Dataset excerpts:
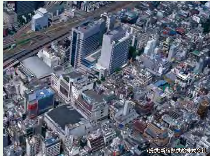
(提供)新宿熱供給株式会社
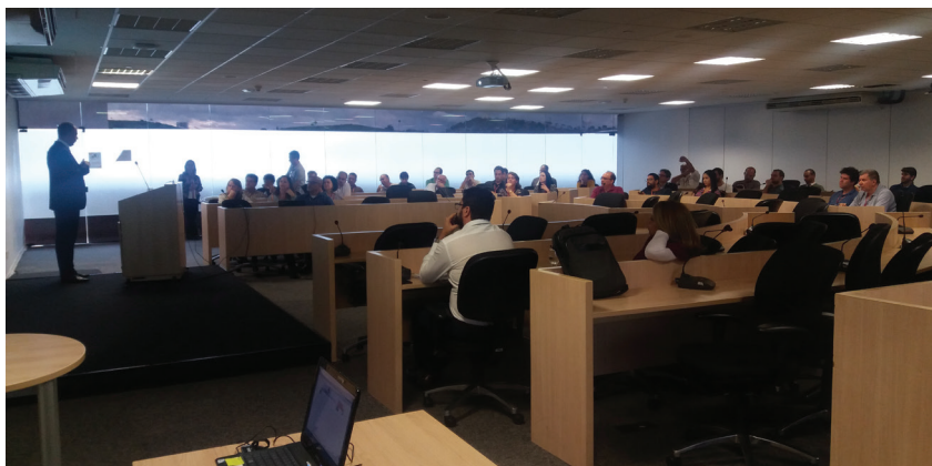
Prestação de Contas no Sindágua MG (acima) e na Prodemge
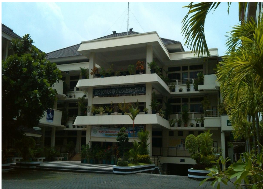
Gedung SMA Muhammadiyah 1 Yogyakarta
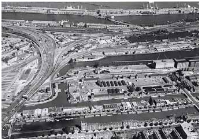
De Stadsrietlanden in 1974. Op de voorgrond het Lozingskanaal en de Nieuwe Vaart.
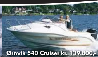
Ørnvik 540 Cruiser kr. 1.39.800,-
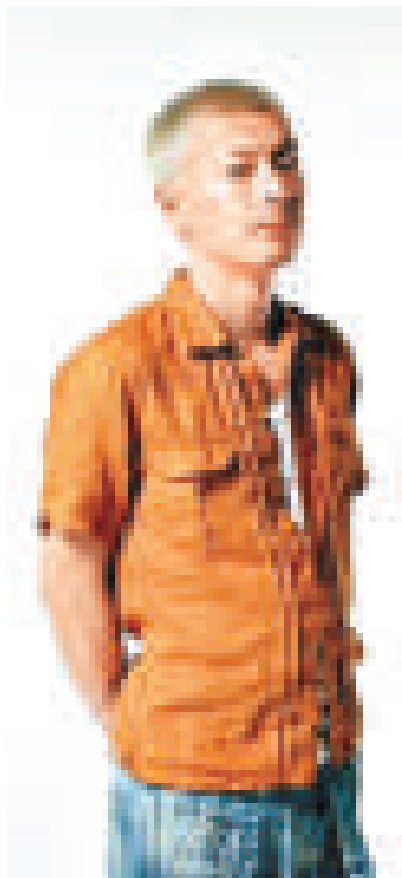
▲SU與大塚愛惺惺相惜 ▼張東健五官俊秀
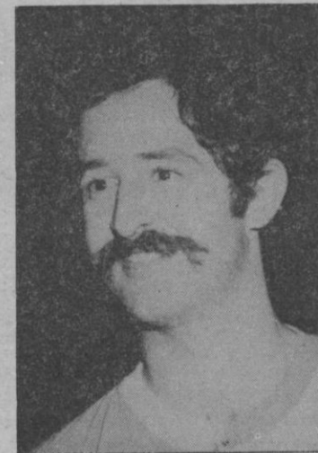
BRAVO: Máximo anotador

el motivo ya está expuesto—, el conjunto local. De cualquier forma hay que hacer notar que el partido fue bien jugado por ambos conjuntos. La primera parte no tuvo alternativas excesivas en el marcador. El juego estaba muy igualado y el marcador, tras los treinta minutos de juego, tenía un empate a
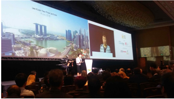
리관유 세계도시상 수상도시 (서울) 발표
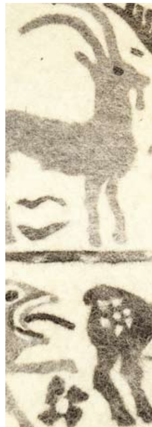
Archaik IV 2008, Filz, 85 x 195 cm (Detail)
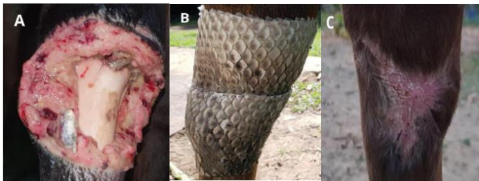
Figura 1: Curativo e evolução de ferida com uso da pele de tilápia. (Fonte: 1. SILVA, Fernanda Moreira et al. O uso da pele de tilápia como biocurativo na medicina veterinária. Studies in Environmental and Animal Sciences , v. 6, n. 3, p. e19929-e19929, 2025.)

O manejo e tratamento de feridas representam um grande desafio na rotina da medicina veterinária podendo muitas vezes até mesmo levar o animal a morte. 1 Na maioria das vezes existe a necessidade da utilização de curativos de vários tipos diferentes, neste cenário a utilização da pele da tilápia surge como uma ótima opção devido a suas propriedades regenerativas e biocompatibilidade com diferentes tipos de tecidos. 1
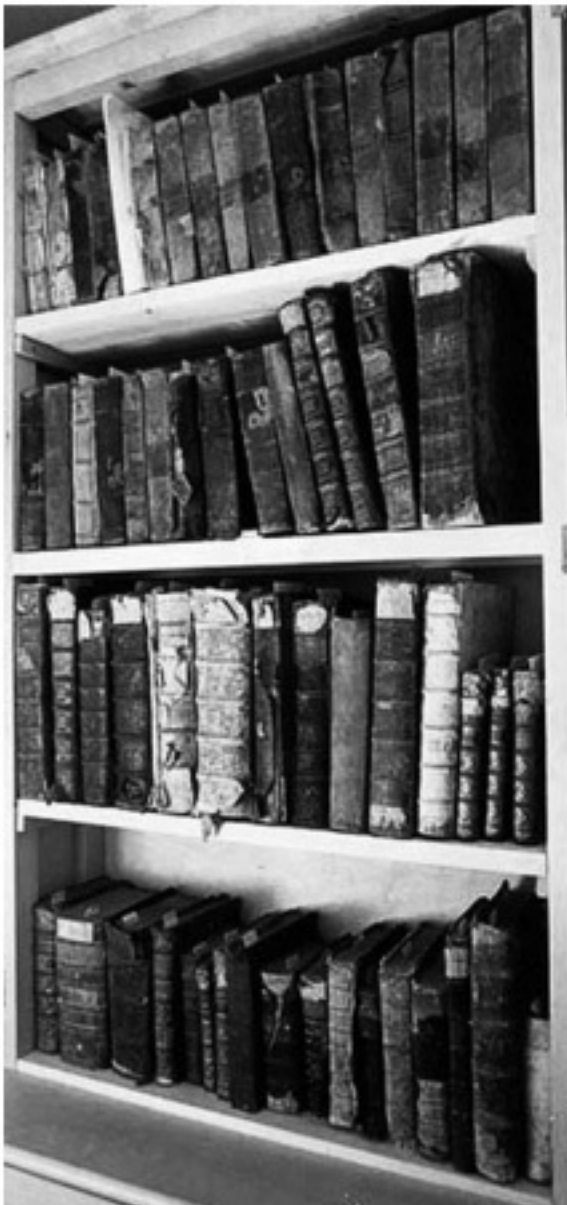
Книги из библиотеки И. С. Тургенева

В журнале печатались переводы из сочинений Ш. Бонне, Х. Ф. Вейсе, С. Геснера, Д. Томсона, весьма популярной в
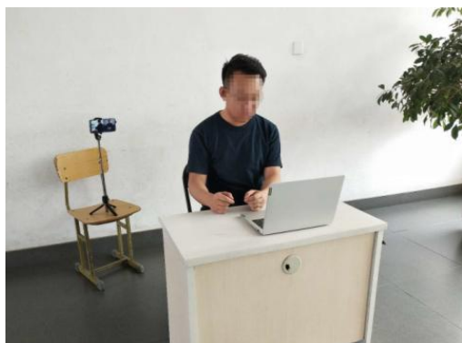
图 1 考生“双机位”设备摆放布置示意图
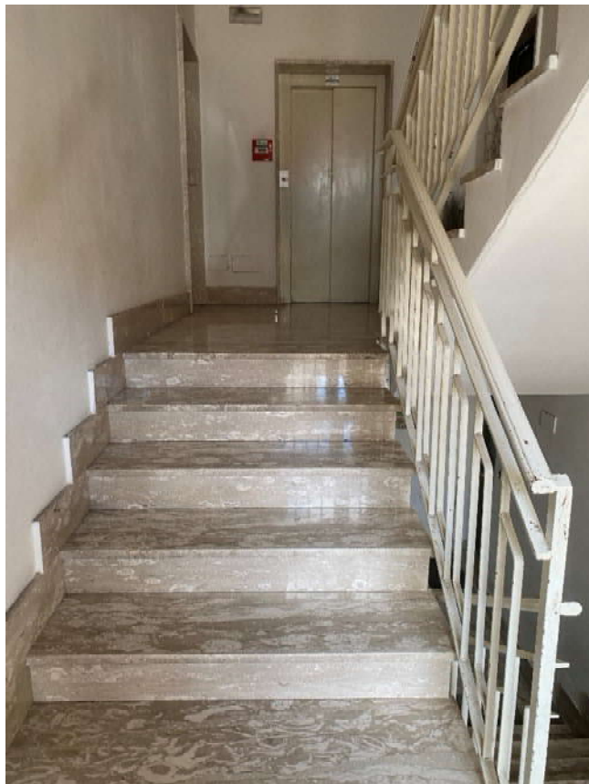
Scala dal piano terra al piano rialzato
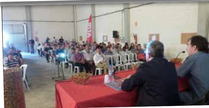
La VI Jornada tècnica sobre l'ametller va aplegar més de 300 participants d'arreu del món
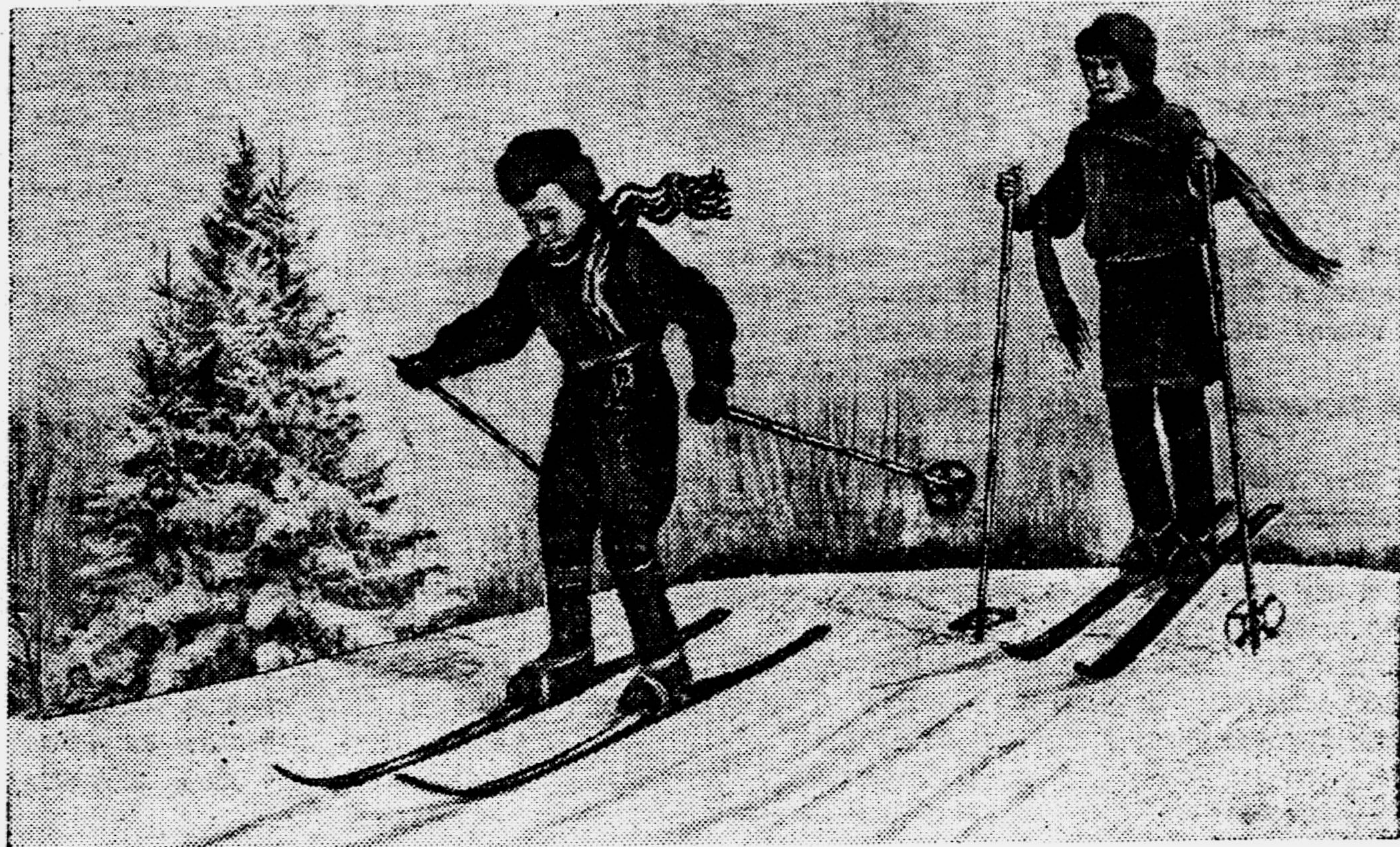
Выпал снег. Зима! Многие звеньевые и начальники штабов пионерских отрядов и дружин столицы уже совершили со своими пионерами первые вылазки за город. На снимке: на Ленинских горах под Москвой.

WHAT TO WORK ON:
Transcription of the lines from the one with "리관유 세계도시상 수상도시 (서울) 발표" through the end of the entries is required, exact and with no pictures.

RESPONSE BOX:
리관유 세계도시상 수상도시 (서울) 발표
Archaik IV 2008, Filz, 85 x 195 cm (Detail)
Figura 1: Curativo e evolução de ferida com uso da pele de tilápia. (Fonte: 1. SILVA, Fernanda Moreira et al. O uso da pele de tilápia como biocurativo na medicina veterinária. Studies in Environmental and Animal Sciences , v. 6, n. 3, p. e19929-e19929, 2025.)

O manejo e tratamento de feridas representam um grande desafio na rotina da medicina veterinária podendo muitas vezes até mesmo levar o animal a morte. 1 Na maioria das vezes existe a necessidade da utilização de curativos de vários tipos diferentes, neste cenário a utilização da pele da tilápia surge como uma ótima opção devido a suas propriedades regenerativas e biocompatibilidade com diferentes tipos de tecidos. 1
Книги из библиотеки И. С. Тургенева

В журнале печатались переводы из сочинений Ш. Бонне, Х. Ф. Вейсе, С. Геснера, Д. Томсона, весьма популярной в
图 1 考生“双机位”设备摆放布置示意图
Scala dal piano terra al piano rialzato
La VI Jornada tècnica sobre l'ametller va aplegar més de 300 participants d'arreu del món
Выпал снег. Зима! Многие звеньевые и начальники штабов пионерских отрядов и дружин столицы уже совершили со своими пионерами первые вылазки за город. На снимке: на Ленинских горах под Москвой.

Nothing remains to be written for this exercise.